In support of this mechanism of action, diethylamine nonoate (DEA/NO), a nitric oxide donor that readily reacts with Fe-S clusters to form dinitrosyl complexes with diminished absorbance (47, 48), also inhibited the RdRp (Fig. 4E and fig. S8), although less effectively than TEMPOL. We found that TEMPOL was both a more potent RdRp inhibitor (fig. S9) and synergized with remdesivir (RDV) (fig. S10), a nucleoside analog that has been used to target the replication of SARS-CoV-2 (49). RDV was notably less effective against the Fe-S–RdRp than the zinc-RdRp (fig. S11).

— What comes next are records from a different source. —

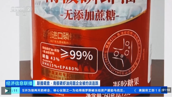 此前,上海市消保委约谈涉事“南极磷虾油”产品企业,引发社会关注。上海市消保委对市场上销售的15款南极磷虾油产品开展了比较试验,结果显示,部分产品存在成分含量与宣传严重不符的情况。经销商北京同仁堂(四川)健康药业有限公司向安徽哈博药业有限公司定制采购的南极磷虾油价格为每瓶3.7元,而终端销售价格每瓶60多元。记者独家获取了约谈视频。
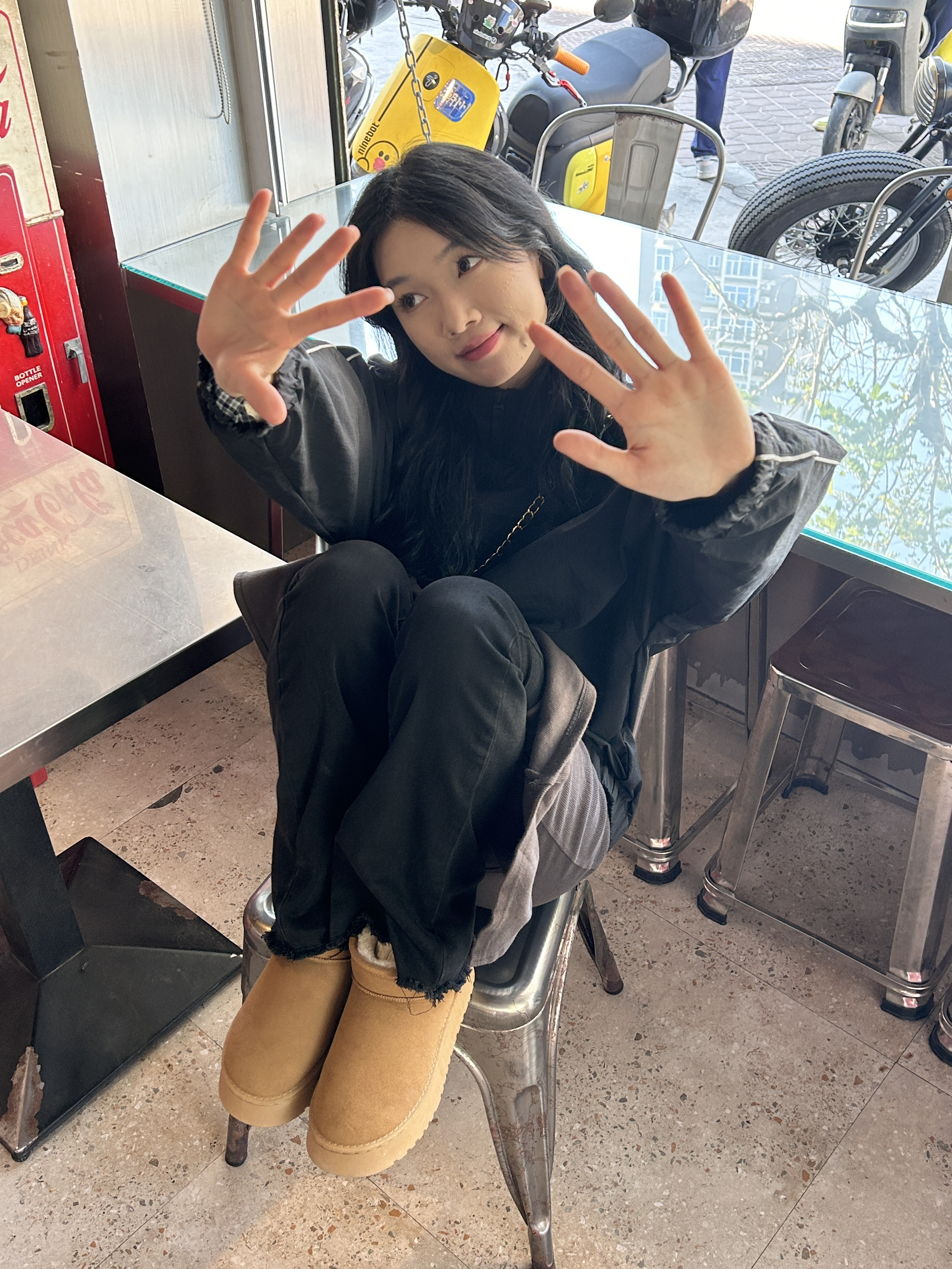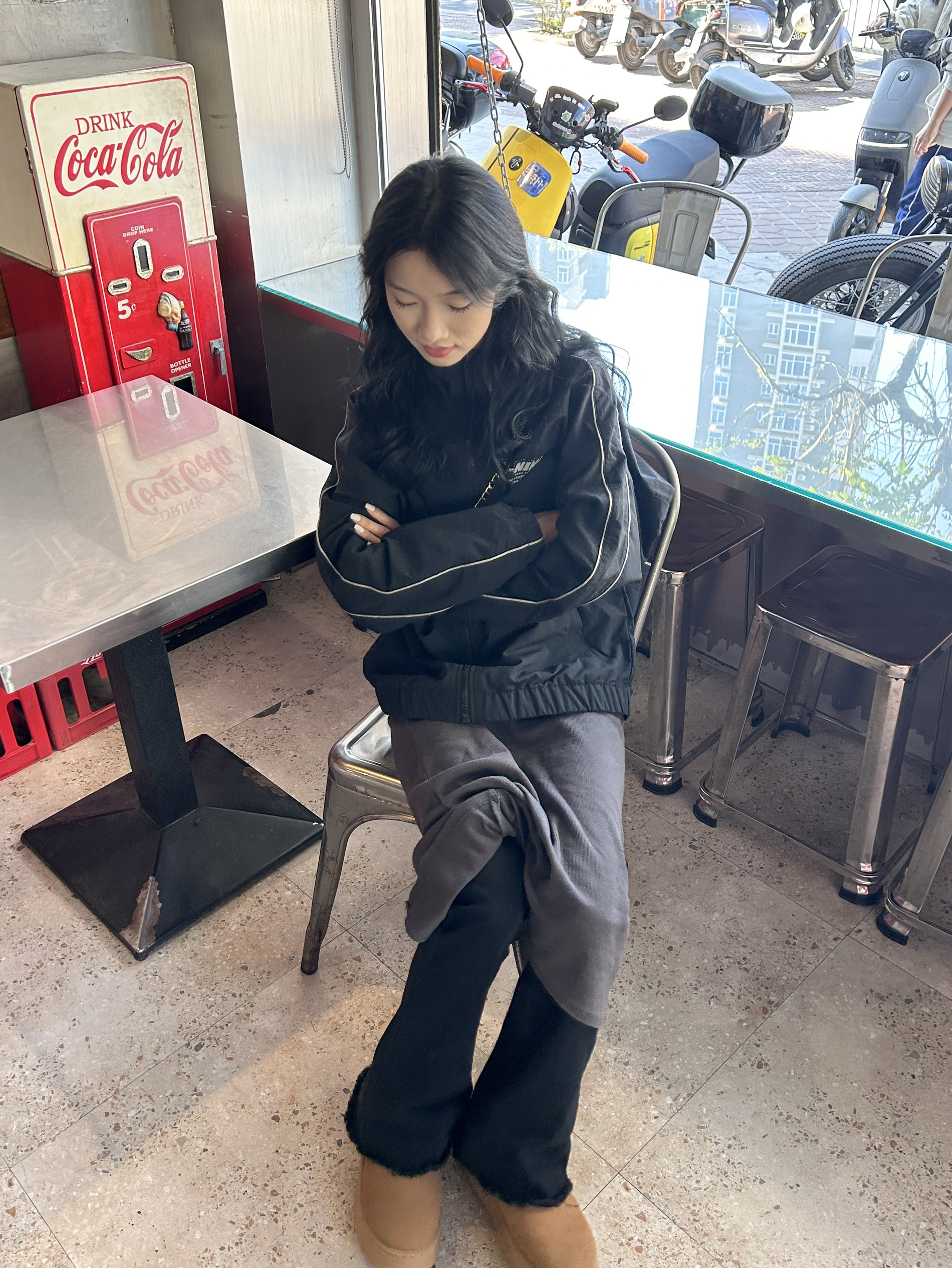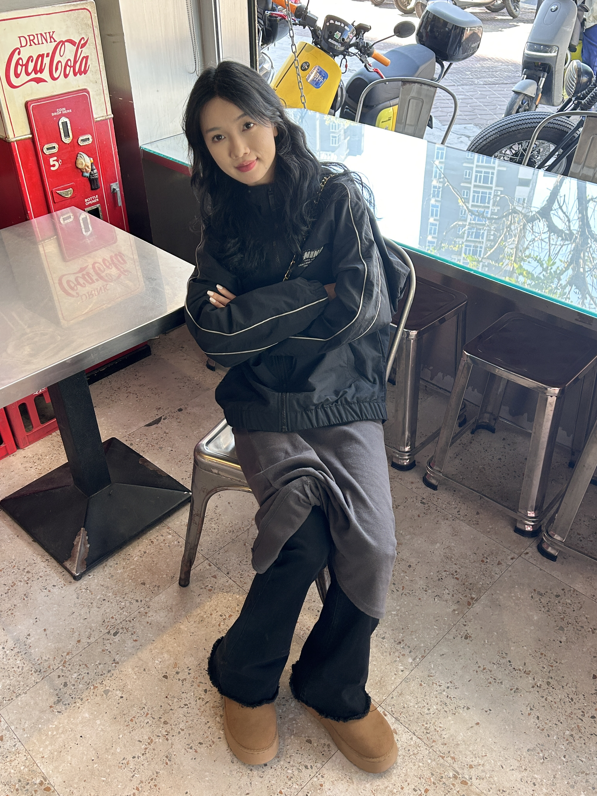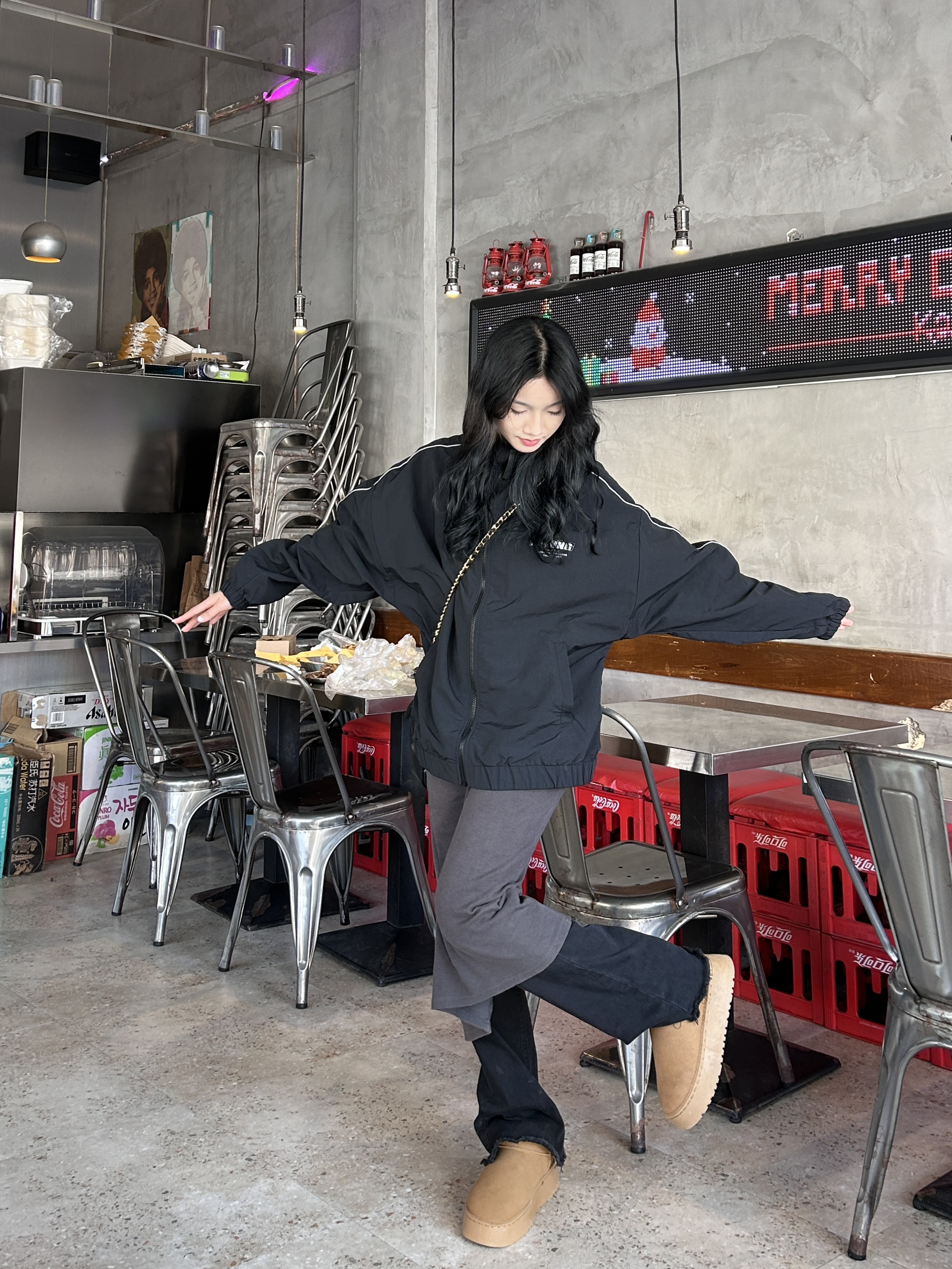 160/42 好冷啊这两天 出门探店穿搭 李宁黑色的冲锋衣,这件衣服好酷百搭 里面搭配一件裙子,黑色牛仔裤百搭日常 搭配粽色的雪地靴保暖又舒服😌
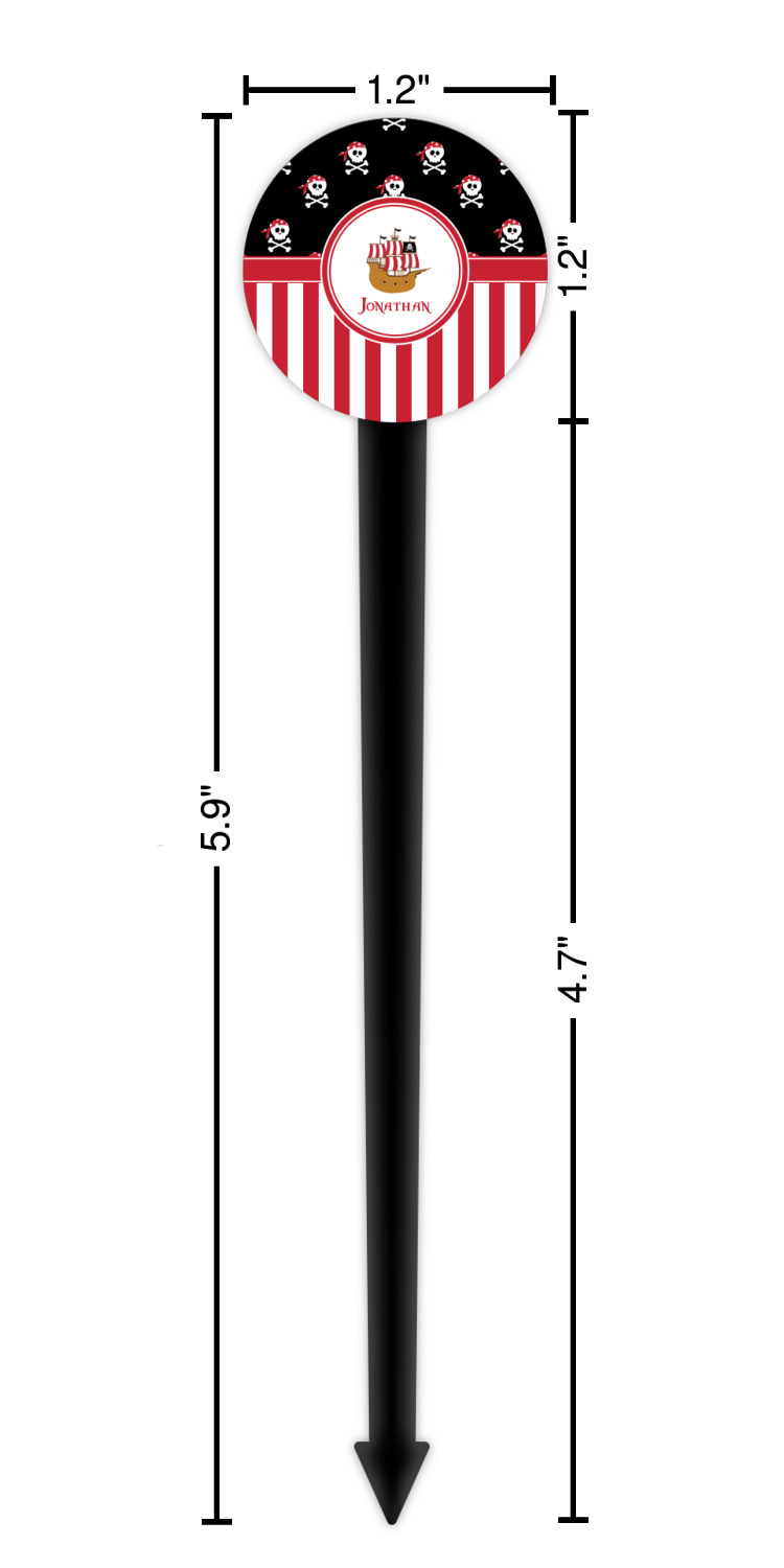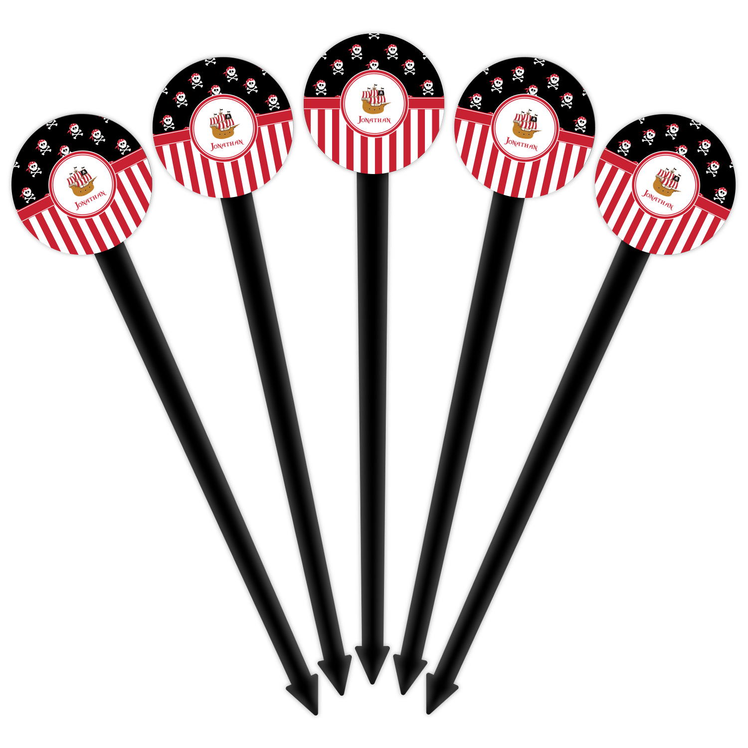 Pirate Ship Designs for 6" Round Plastic Food Picks - Black - Single-Sided
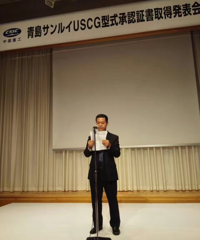 發布會上,青島雙瑞公司總經理付洪田致歡迎詞,介紹了公司船舶壓載水管理系統USCG認證歷程以及產品生產制造、全球服務網絡中遠期規劃。日本最具影響力的船東公司日本郵船株式會社(NYK Line)經營委員在發布會上做祝酒詞,他對青島雙瑞公司船舶壓載水管理系統給予高度評價并表達了與青島雙瑞公司建立長期合作的意愿。
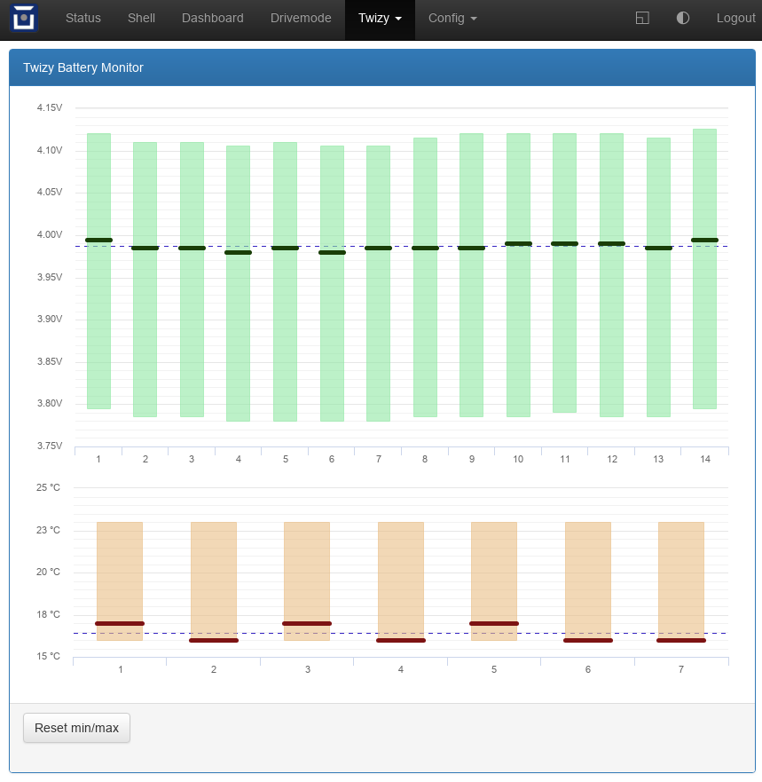 Yes, lots of metrics. I know that ;) OVMS# me li xrt.b. xrt.b.cell.01.volt.act 3.995V xrt.b.cell.01.volt.max 4.12V xrt.b.cell.01.volt.maxdev 0.01V xrt.b.cell.01.volt.min 3.795V xrt.b.cell.02.volt.act 3.985V xrt.b.cell.02.volt.max 4.11V xrt.b.cell.02.volt.maxdev -0.01V xrt.b.cell.02.volt.min 3.785V xrt.b.cell.03.volt.act 3.985V xrt.b.cell.03.volt.max 4.11V xrt.b.cell.03.volt.maxdev -0.005V xrt.b.cell.03.volt.min 3.785V xrt.b.cell.04.volt.act 3.98V xrt.b.cell.04.volt.max 4.105V xrt.b.cell.04.volt.maxdev -0.01V xrt.b.cell.04.volt.min 3.78V xrt.b.cell.05.volt.act 3.985V xrt.b.cell.05.volt.max 4.11V xrt.b.cell.05.volt.maxdev -0.01V xrt.b.cell.05.volt.min 3.78V xrt.b.cell.06.volt.act 3.98V xrt.b.cell.06.volt.max 4.105V xrt.b.cell.06.volt.maxdev -0.01V xrt.b.cell.06.volt.min 3.78V xrt.b.cell.07.volt.act 3.985V xrt.b.cell.07.volt.max 4.105V xrt.b.cell.07.volt.maxdev -0.01V xrt.b.cell.07.volt.min 3.78V xrt.b.cell.08.volt.act 3.985V xrt.b.cell.08.volt.max 4.115V xrt.b.cell.08.volt.maxdev -0.005V xrt.b.cell.08.volt.min 3.785V xrt.b.cell.09.volt.act 3.985V xrt.b.cell.09.volt.max 4.12V xrt.b.cell.09.volt.maxdev 0.005V xrt.b.cell.09.volt.min 3.785V xrt.b.cell.10.volt.act 3.99V xrt.b.cell.10.volt.max 4.12V xrt.b.cell.10.volt.maxdev 0.005V xrt.b.cell.10.volt.min 3.785V xrt.b.cell.11.volt.act 3.99V xrt.b.cell.11.volt.max 4.12V xrt.b.cell.11.volt.maxdev 0.01V xrt.b.cell.11.volt.min 3.79V xrt.b.cell.12.volt.act 3.99V xrt.b.cell.12.volt.max 4.12V xrt.b.cell.12.volt.maxdev 0.01V xrt.b.cell.12.volt.min 3.785V xrt.b.cell.13.volt.act 3.985V xrt.b.cell.13.volt.max 4.115V xrt.b.cell.13.volt.maxdev 0.005V xrt.b.cell.13.volt.min 3.785V xrt.b.cell.14.volt.act 3.995V xrt.b.cell.14.volt.max 4.125V xrt.b.cell.14.volt.maxdev 0.015V xrt.b.cell.14.volt.min 3.795V xrt.b.cell.15.volt.act 0V xrt.b.cell.15.volt.max 0V xrt.b.cell.15.volt.maxdev 0V xrt.b.cell.15.volt.min 0V xrt.b.cell.16.volt.act 0V xrt.b.cell.16.volt.max 0V xrt.b.cell.16.volt.maxdev 0V xrt.b.cell.16.volt.min 0V xrt.b.cell.cnt 14 xrt.b.cmod.01.temp.act 17°C xrt.b.cmod.01.temp.max 23°C xrt.b.cmod.01.temp.maxdev 1°C xrt.b.cmod.01.temp.min 16°C xrt.b.cmod.02.temp.act 16°C xrt.b.cmod.02.temp.max 23°C xrt.b.cmod.02.temp.maxdev 1°C xrt.b.cmod.02.temp.min 16°C xrt.b.cmod.03.temp.act 17°C xrt.b.cmod.03.temp.max 23°C xrt.b.cmod.03.temp.maxdev 1°C xrt.b.cmod.03.temp.min 16°C xrt.b.cmod.04.temp.act 16°C xrt.b.cmod.04.temp.max 23°C xrt.b.cmod.04.temp.maxdev -1°C xrt.b.cmod.04.temp.min 16°C xrt.b.cmod.05.temp.act 17°C xrt.b.cmod.05.temp.max 23°C xrt.b.cmod.05.temp.maxdev 1°C xrt.b.cmod.05.temp.min 16°C xrt.b.cmod.06.temp.act 16°C xrt.b.cmod.06.temp.max 23°C xrt.b.cmod.06.temp.maxdev -1°C xrt.b.cmod.06.temp.min 16°C xrt.b.cmod.07.temp.act 16°C xrt.b.cmod.07.temp.max 23°C xrt.b.cmod.07.temp.maxdev -1°C xrt.b.cmod.07.temp.min 16°C xrt.b.cmod.08.temp.act -40°C xrt.b.cmod.08.temp.max -40°C xrt.b.cmod.08.temp.maxdev 0°C xrt.b.cmod.08.temp.min -40°C xrt.b.cmod.cnt 7 xrt.b.pack.1.temp.alerts xrt.b.pack.1.temp.max 23°C xrt.b.pack.1.temp.min 16°C xrt.b.pack.1.temp.stddev.max 1°C xrt.b.pack.1.temp.watches xrt.b.pack.1.volt.alerts xrt.b.pack.1.volt.max 57.6V xrt.b.pack.1.volt.min 52.8V xrt.b.pack.1.volt.stddev.max 0.005V xrt.b.pack.1.volt.watches 1,2,4,5,6,7,11,12,14 xrt.b.pack.cnt 1 xrt.b.soc.max 100% xrt.b.soc.min 69.78% But if they are available in real time, they provide a very cool battery monitor, that displays per cell voltage breakdowns during driving: If metrics can use extram, 100 cells would be no problem. Regards, Michael
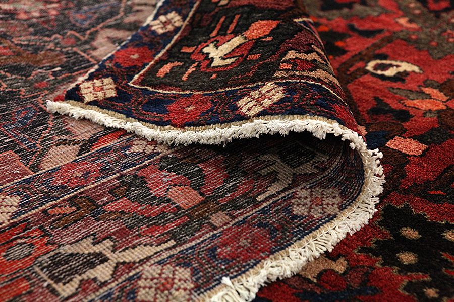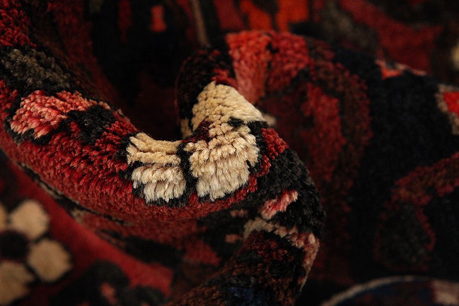 Abrash: Due to the different amount of grease in the wool and the added salt during the process of dyeing, the wool has got a varying colour absorbance. This is not very visible before weaving. During the weaving though, lines of the same colour are formed in the carpet. This is called Abrash (which in Farsi means little cloud) and it shows that the wool was not manufactured using chemical means and marks the naturalness and authenticity of the carpets. Examples

Having demonstrated a strong inhibitory effect of TEMPOL on the activity of the RdRp of SARS-CoV-2, we asked whether TEMPOL might exhibit antiviral activity against live virus replication. Vero E6 cells were infected with the SARS-CoV-2 USA-WA1/2020 isolate in the presence of increasing concentrations of TEMPOL (range: 0.1 to 1 mM). TEMPOL exhibited strong antiviral activity at concentrations above 0.2 mM. Viral titers were reduced by more than 5 log₁₀ in the presence of 0.4 mM TEMPOL, which is reported to have a 50% cytotoxic concentration (CC50) greater than 100 mM (50). Our studies present a molecular basis for pursuing TEMPOL—with its low cytotoxicity and known access to tissues relevant for COVID-19 infection (51, 52)—and other related stable nitroxides as potential SARS-CoV-2 therapies during active viral infection.